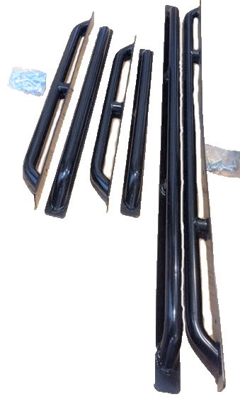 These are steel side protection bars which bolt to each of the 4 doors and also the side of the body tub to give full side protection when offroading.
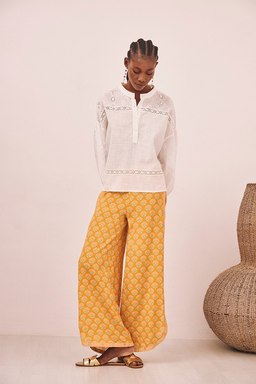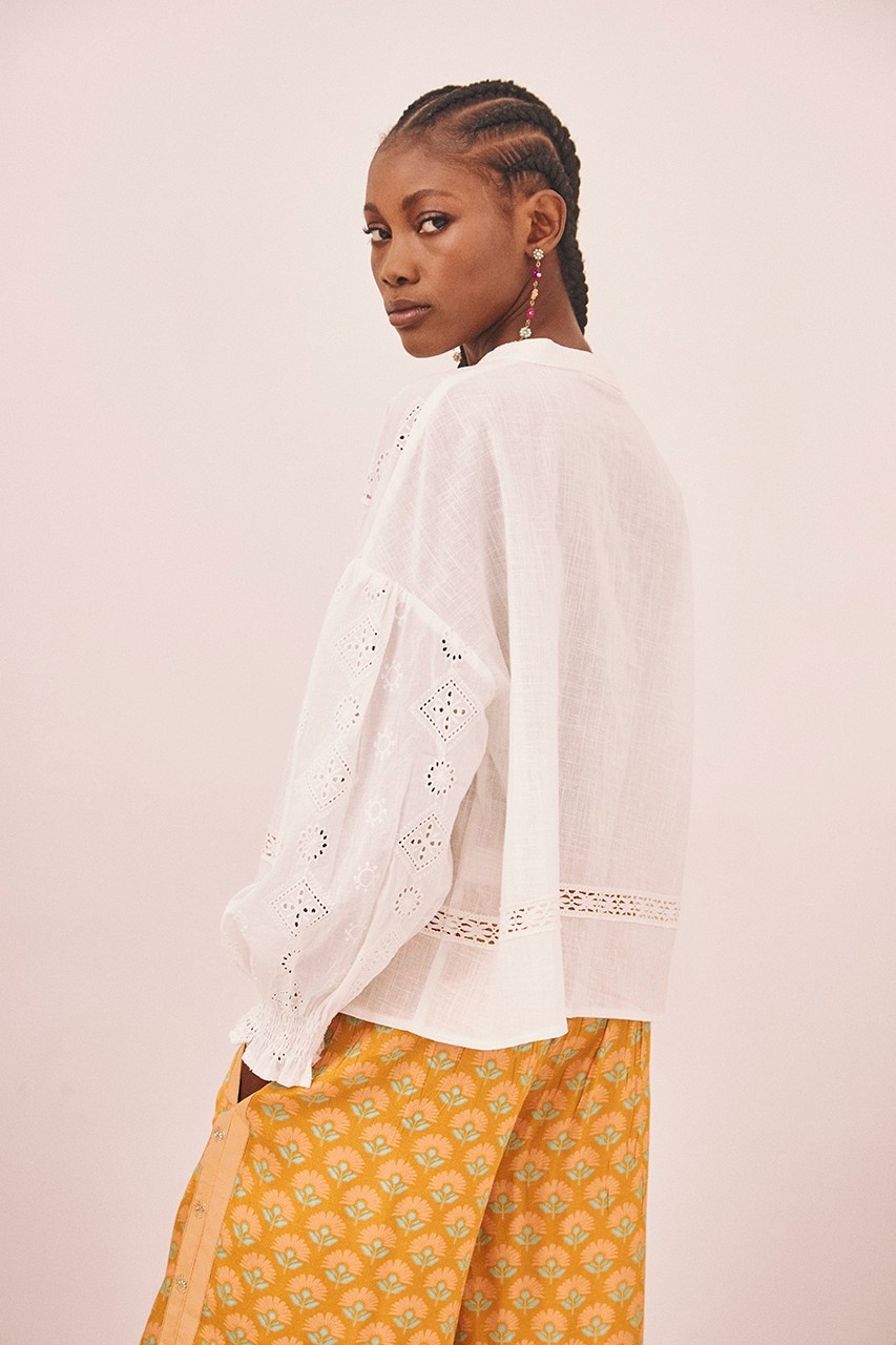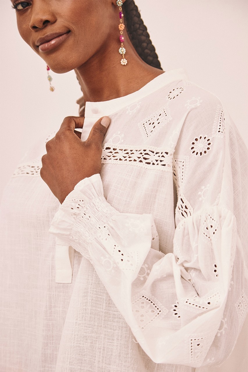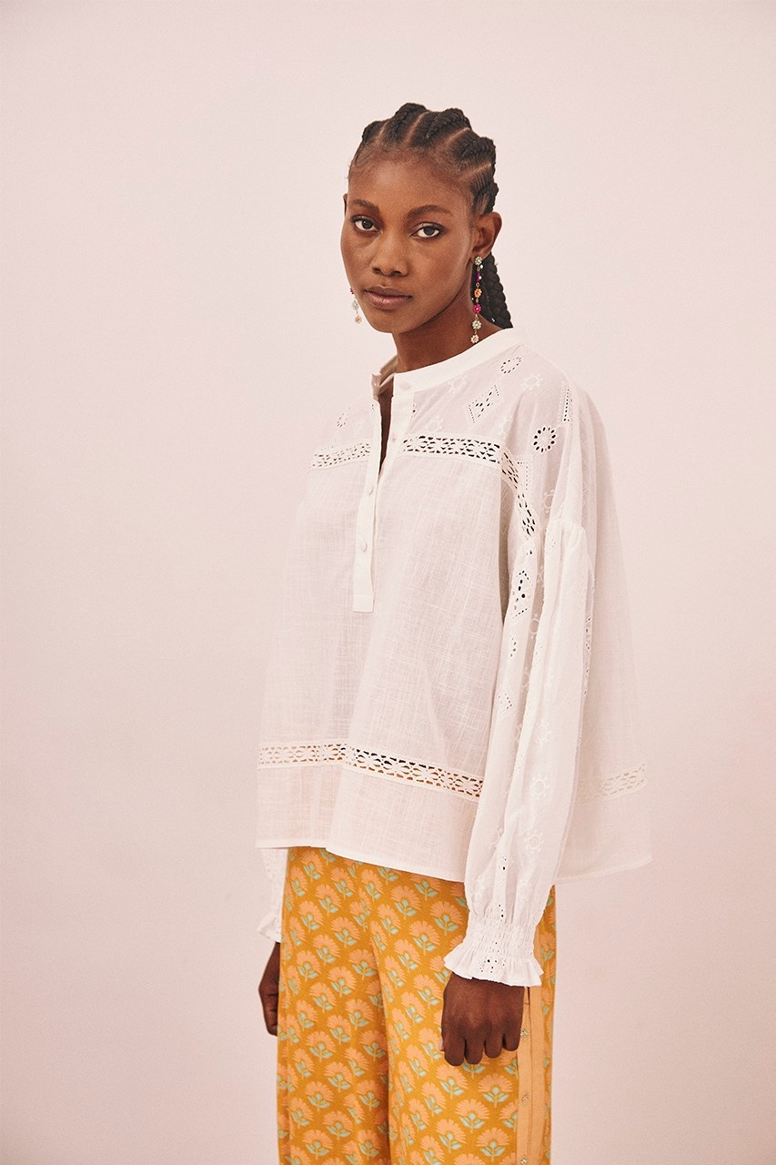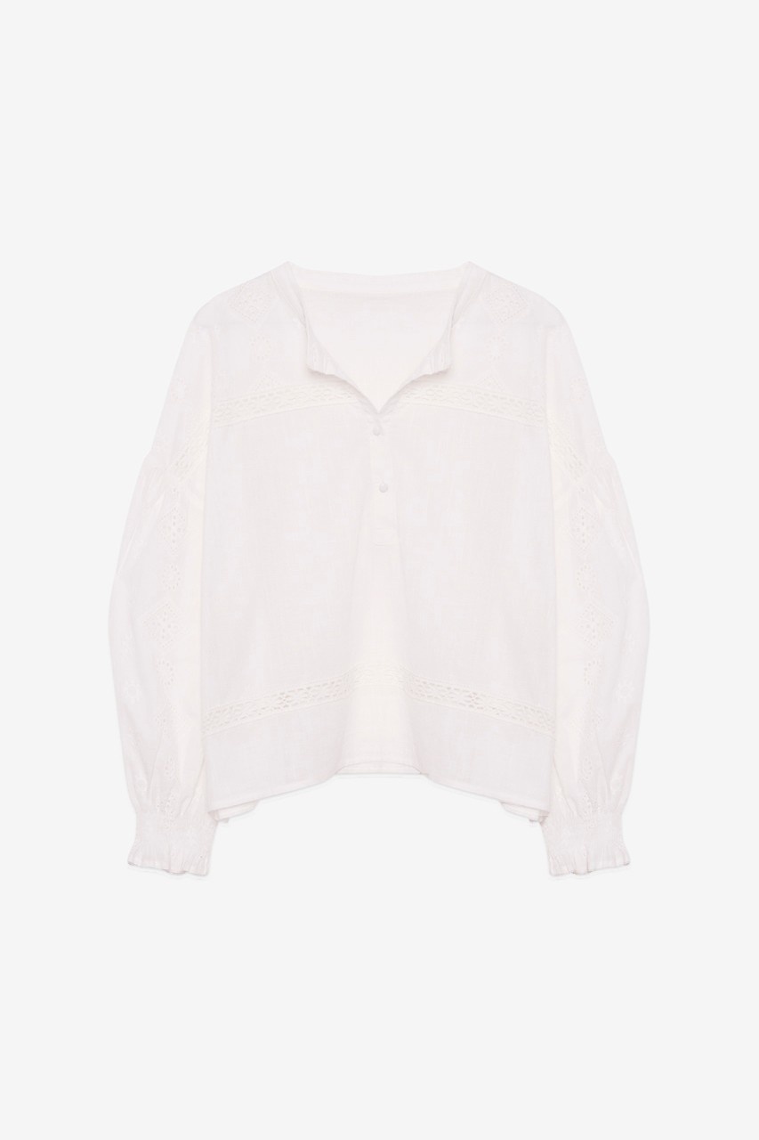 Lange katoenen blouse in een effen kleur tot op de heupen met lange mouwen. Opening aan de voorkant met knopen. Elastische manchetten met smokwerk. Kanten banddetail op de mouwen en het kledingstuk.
···
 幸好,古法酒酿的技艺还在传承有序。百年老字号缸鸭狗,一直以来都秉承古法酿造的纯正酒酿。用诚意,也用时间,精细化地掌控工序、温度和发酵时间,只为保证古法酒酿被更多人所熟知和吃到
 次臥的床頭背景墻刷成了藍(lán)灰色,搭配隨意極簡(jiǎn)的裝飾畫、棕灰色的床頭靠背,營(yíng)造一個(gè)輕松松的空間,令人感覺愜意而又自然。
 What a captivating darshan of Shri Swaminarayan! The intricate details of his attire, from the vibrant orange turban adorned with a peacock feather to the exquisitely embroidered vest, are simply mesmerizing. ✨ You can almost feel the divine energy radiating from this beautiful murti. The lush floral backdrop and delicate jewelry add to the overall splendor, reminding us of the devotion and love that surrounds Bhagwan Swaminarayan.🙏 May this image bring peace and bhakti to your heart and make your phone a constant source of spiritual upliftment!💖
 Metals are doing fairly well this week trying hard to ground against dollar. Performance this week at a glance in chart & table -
···
Exercise prompt :: Above are records; repeat only the lines starting at the line with "次臥的床頭背景墻刷成了藍(l" and ending at the line with "Metals are doing", exactly as they appear, both included.

Task result ::
 次臥的床頭背景墻刷成了藍(lán)灰色,搭配隨意極簡(jiǎn)的裝飾畫、棕灰色的床頭靠背,營(yíng)造一個(gè)輕松松的空間,令人感覺愜意而又自然。
 What a captivating darshan of Shri Swaminarayan! The intricate details of his attire, from the vibrant orange turban adorned with a peacock feather to the exquisitely embroidered vest, are simply mesmerizing. ✨ You can almost feel the divine energy radiating from this beautiful murti. The lush floral backdrop and delicate jewelry add to the overall splendor, reminding us of the devotion and love that surrounds Bhagwan Swaminarayan.🙏 May this image bring peace and bhakti to your heart and make your phone a constant source of spiritual upliftment!💖
 Metals are doing fairly well this week trying hard to ground against dollar. Performance this week at a glance in chart & table -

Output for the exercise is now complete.